* [Activity] Pictures aside, the data must be reproduced exactly.

[Entries taken from a collection]

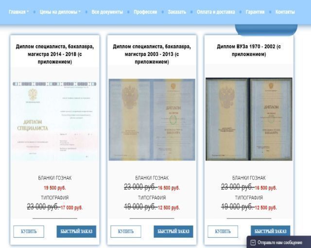 Журналисту «Прецедента» не составило труда зайти на него и ознакомиться с запрещенным предложением. Чего там только не оказалось: дипломы училищ и вузов по самым разнообразным специальностям от «монтажника» и «швеи» до «логопеда», «биолога» и даже «переводчика»! Среди заманчивых псевдо образовательных предложений затесалась даже такая опция для современных недорослей как «аттестат о среднем образовании за 11 классов».
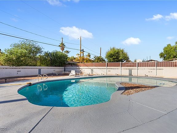 Over half-an-acre of land sits under this 4 bed/3 bath, ~2600 sq ft. ranch home w/ refreshing pool. A true gem with TWO original wood-burning fireplaces in excellent condition and meticulously maintained. This modernly vintage Vegas gem with circle driveway motor court is not to be overlooked. Stone's throw away from the acclaimed Siegfried & Roy estate on the same street. Near other well preserved properties as well as brand new development in the area. Residential, mixed-use and commercial projects in the surrounding areas which leads to increased appreciation values! Very stable, quiet area where mid-century properties don't always come up for sale. NO HOA! Take advantage of this rare opportunity to own something that is worth it.
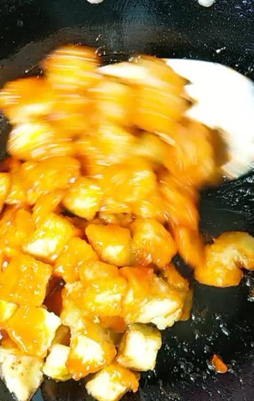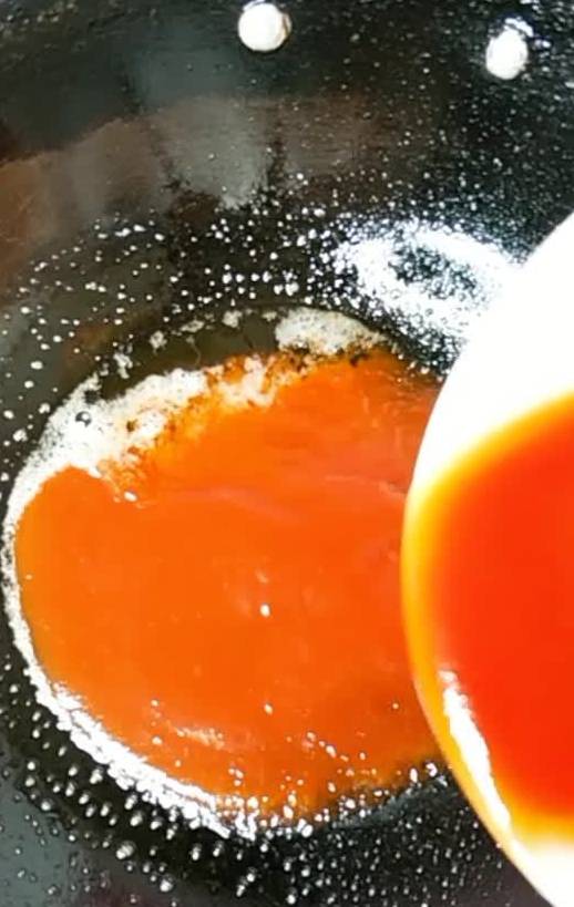 5、鍋中放入少許的油,燒熱後將調好的酸甜汁,倒入鍋內開小火將它熬制更為濃稠的醬汁,再加入炸好的茄子,顛炒均勻即可出鍋,酸甜酥脆爽口,孩子超級的喜歡吃!
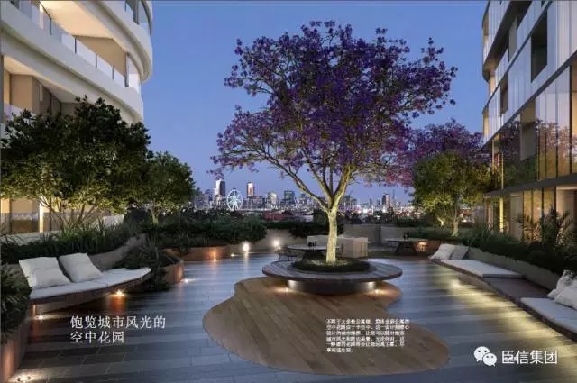 空中花园——拥有独特景观和众多休闲设施的空中花园,坐落于裙楼之上,是专属于住户的私家花园。
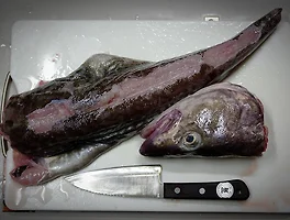 조금전에 잡은 우럭 머리로 매운탕 준비중....
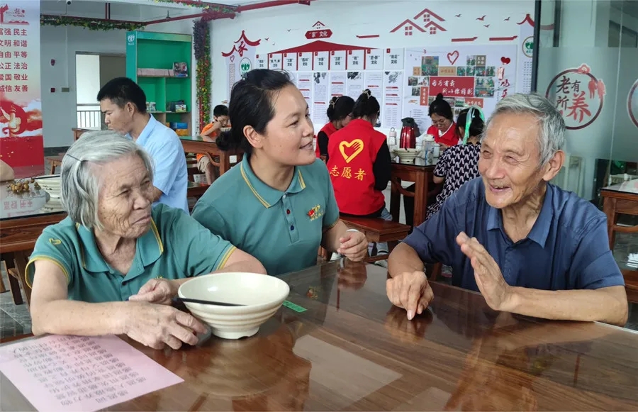 志愿者與到長(zhǎng)者飯?zhí)镁筒偷睦夏耆碎_心聊天。
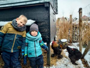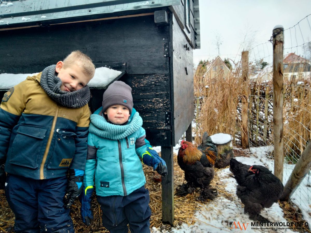 Teun en Jens ten Hove uit Zuidbroek staan bij de winterse kippenren (onder bovenste rij).
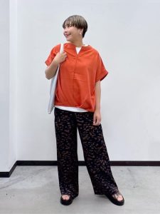 鮮やかなオレンジのトップスと、さらりとした素材感の柄パンツが印象的な夏のコーディネート。
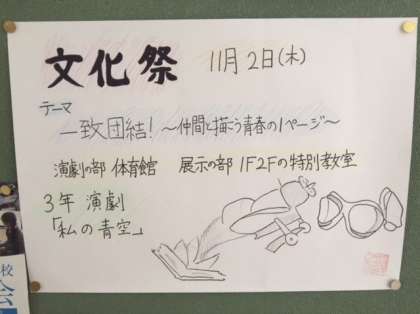 11月2日の文化祭を知らせるポスターが廊下掲示板をはじめ、校舎内に掲示されています。
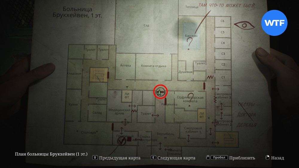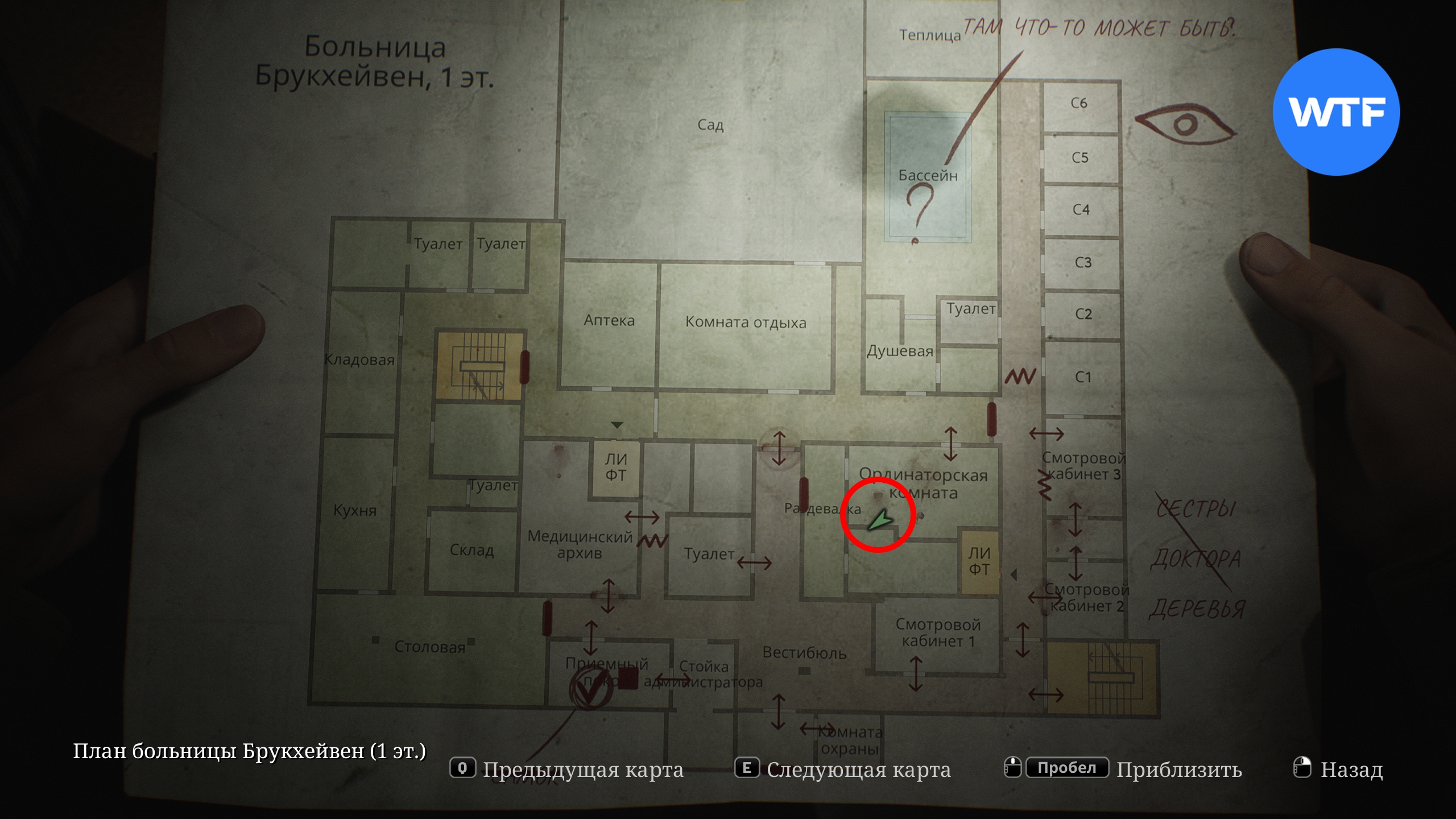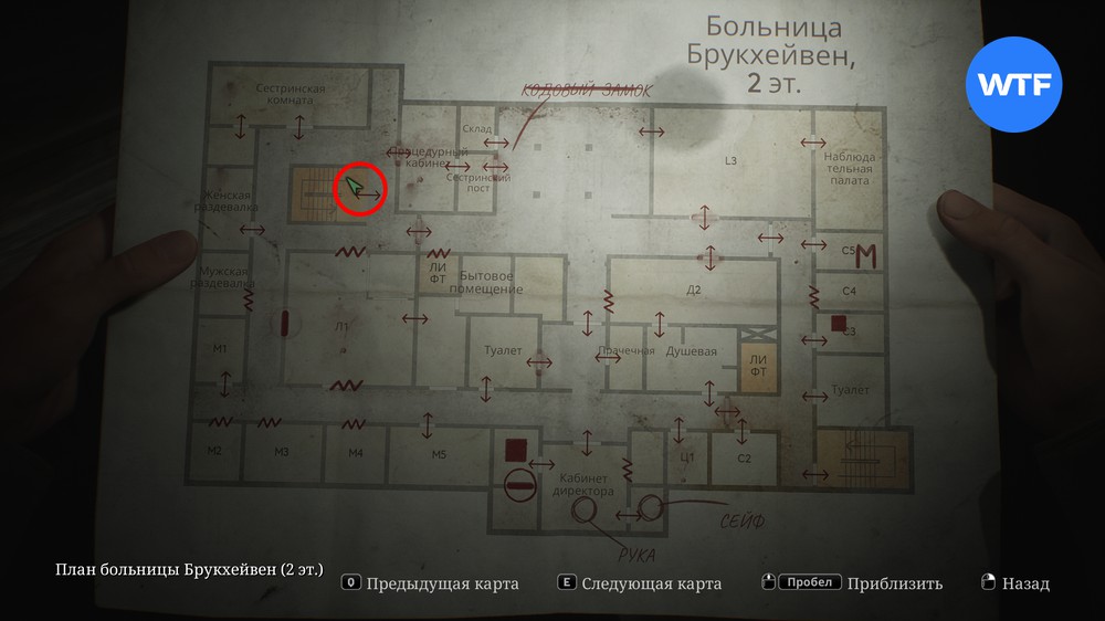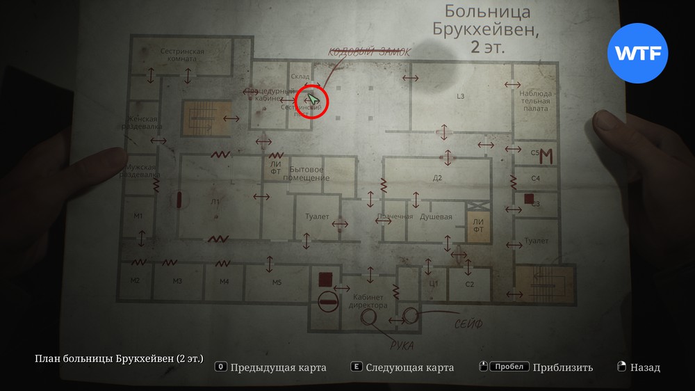 Обратите внимание, что в зависимости от уровня сложности головоломок изображение на подсказке и сам код будут отличаться. Чтобы открыть кодовый замок на сестринском посту в больнице Брукхейвен, вы должны ввести следущую комбинацию:
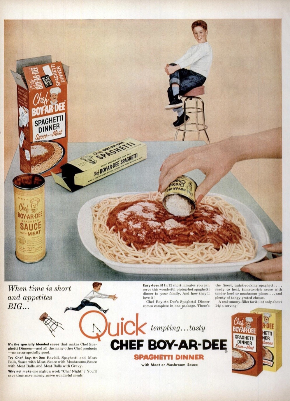 1954 Chef Boy-Ar-Dee boxed spaghetti dinner ad:

* [Exercise output]
 Журналисту «Прецедента» не составило труда зайти на него и ознакомиться с запрещенным предложением. Чего там только не оказалось: дипломы училищ и вузов по самым разнообразным специальностям от «монтажника» и «швеи» до «логопеда», «биолога» и даже «переводчика»! Среди заманчивых псевдо образовательных предложений затесалась даже такая опция для современных недорослей как «аттестат о среднем образовании за 11 классов».
 Over half-an-acre of land sits under this 4 bed/3 bath, ~2600 sq ft. ranch home w/ refreshing pool. A true gem with TWO original wood-burning fireplaces in excellent condition and meticulously maintained. This modernly vintage Vegas gem with circle driveway motor court is not to be overlooked. Stone's throw away from the acclaimed Siegfried & Roy estate on the same street. Near other well preserved properties as well as brand new development in the area. Residential, mixed-use and commercial projects in the surrounding areas which leads to increased appreciation values! Very stable, quiet area where mid-century properties don't always come up for sale. NO HOA! Take advantage of this rare opportunity to own something that is worth it.
 5、鍋中放入少許的油,燒熱後將調好的酸甜汁,倒入鍋內開小火將它熬制更為濃稠的醬汁,再加入炸好的茄子,顛炒均勻即可出鍋,酸甜酥脆爽口,孩子超級的喜歡吃!
 空中花园——拥有独特景观和众多休闲设施的空中花园,坐落于裙楼之上,是专属于住户的私家花园。
 조금전에 잡은 우럭 머리로 매운탕 준비중....
 志愿者與到長(zhǎng)者飯?zhí)镁筒偷睦夏耆碎_心聊天。
 Teun en Jens ten Hove uit Zuidbroek staan bij de winterse kippenren (onder bovenste rij).
 鮮やかなオレンジのトップスと、さらりとした素材感の柄パンツが印象的な夏のコーディネート。
 11月2日の文化祭を知らせるポスターが廊下掲示板をはじめ、校舎内に掲示されています。
 Обратите внимание, что в зависимости от уровня сложности головоломок изображение на подсказке и сам код будут отличаться. Чтобы открыть кодовый замок на сестринском посту в больнице Брукхейвен, вы должны ввести следущую комбинацию:
 1954 Chef Boy-Ar-Dee boxed spaghetti dinner ad:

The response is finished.